1
votes

I am using NEO4j 3.5 to store and query relationships between people. I have nodes with the label "User" and relationships with the label of "Friends". I am able to get the friends of friends, but the query is taking too long. It currently returns in 4sec to 6sec. This is not a high transactional neo4j database and the server has plenty of CPU and memory available. The loads on the server are under 3 and there are 8 cores. This is running on an AWS EC2 instance. There are roughly 250,000 nodes in the database and the total database size is under 750mb.

Here is the query that I am currently using:

MATCH (user:User {user_id:1145})-[:FRIENDS*3]->(fof:User)
WHERE NOT (user:User)-[:FRIENDS]->(fof:User)
RETURN count(distinct fof.user_id)

This cypher query returns a count of 69,704, which is correct.

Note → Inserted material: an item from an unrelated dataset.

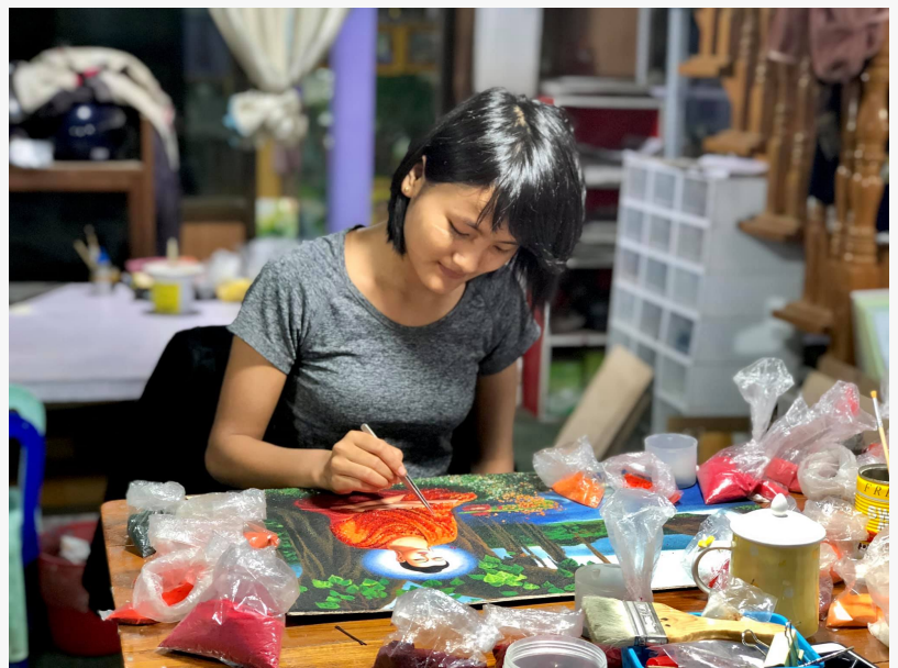
Artist Handcrafting Gemstone Painting

What optimizations can be made either to the cypher query or the NEO4j database engine to return the results faster?

Execution Plan

+-----------------------+----------------+--------+---------+-----------+-----------------------------+------------------+--------------------------------------------+
| Operator              | Estimated Rows | Rows   | DB Hits | Cache H/M | Identifiers                 | Ordered by       | Other                                      |
+-----------------------+----------------+--------+---------+-----------+-----------------------------+------------------+--------------------------------------------+
| +ProduceResults       |              0 |      1 |       0 |       0/0 | count(distinct fof.user_id) |                  | 0.0                                        |
| |                     +----------------+--------+---------+-----------+-----------------------------+------------------+--------------------------------------------+
| +EagerAggregation     |              0 |      1 |  326421 |       0/0 | count(distinct fof.user_id) |                  | 0.0                                        |
| |                     +----------------+--------+---------+-----------+-----------------------------+------------------+--------------------------------------------+
| +AntiSemiApply        |              0 | 256717 |       0 |       0/0 | anon[33], fof, user         | user.user_id ASC | 0.0                                        |
| |\                    +----------------+--------+---------+-----------+-----------------------------+------------------+--------------------------------------------+
| | +Expand(Into)       |              0 |      0 | 8006149 |       0/0 |   REL80, fof, user          |                  | 0.0; (user)-[  REL80:FRIENDS]->(fof)       |
| | |                   +----------------+--------+---------+-----------+-----------------------------+------------------+--------------------------------------------+
| | +Filter             |              1 | 260120 |  520240 |       0/0 | fof, user                   |                  | 0.0; fof:User                              |
| | |                   +----------------+--------+---------+-----------+-----------------------------+------------------+--------------------------------------------+
| | +Argument           |              1 | 260120 |       0 |       0/0 | fof, user                   |                  | 0.0                                        |
| |                     +----------------+--------+---------+-----------+-----------------------------+------------------+--------------------------------------------+
| +Filter               |              0 | 260120 |  260120 |       0/0 | anon[33], fof, user         | user.user_id ASC | 0.0; fof:User                              |
| |                     +----------------+--------+---------+-----------+-----------------------------+------------------+--------------------------------------------+
| +VarLengthExpand(All) |              0 | 260120 |  267999 |       0/0 | anon[33], fof, user         | user.user_id ASC | 0.0; (user)-[anon[33]:FRIENDS*3..3]->(fof) |
| |                     +----------------+--------+---------+-----------+-----------------------------+------------------+--------------------------------------------+
| +NodeIndexSeek        |              1 |      1 |       3 |       0/0 | user                        | user.user_id ASC | 0.0; :User(user_id)                        |
+-----------------------+----------------+--------+---------+-----------+-----------------------------+------------------+--------------------------------------------+
1
Keep in mind also that :FRIENDS*3 is not friends-of-friends, but friends-of-friends-of-friends.InverseFalcon

1 Answers

2
votes
  1. Your WHERE clause contains a pattern that requires additional DB hits per fof. You can avoid those DB hits by keeping in memory a list of all the immediate friends of user, and changing your WHERE clause so that it just searches in the list. (According to your profile data, this could save 8006149+520240, or over 8.5 million DB hits -- which is the majority of the hits for your whole query.)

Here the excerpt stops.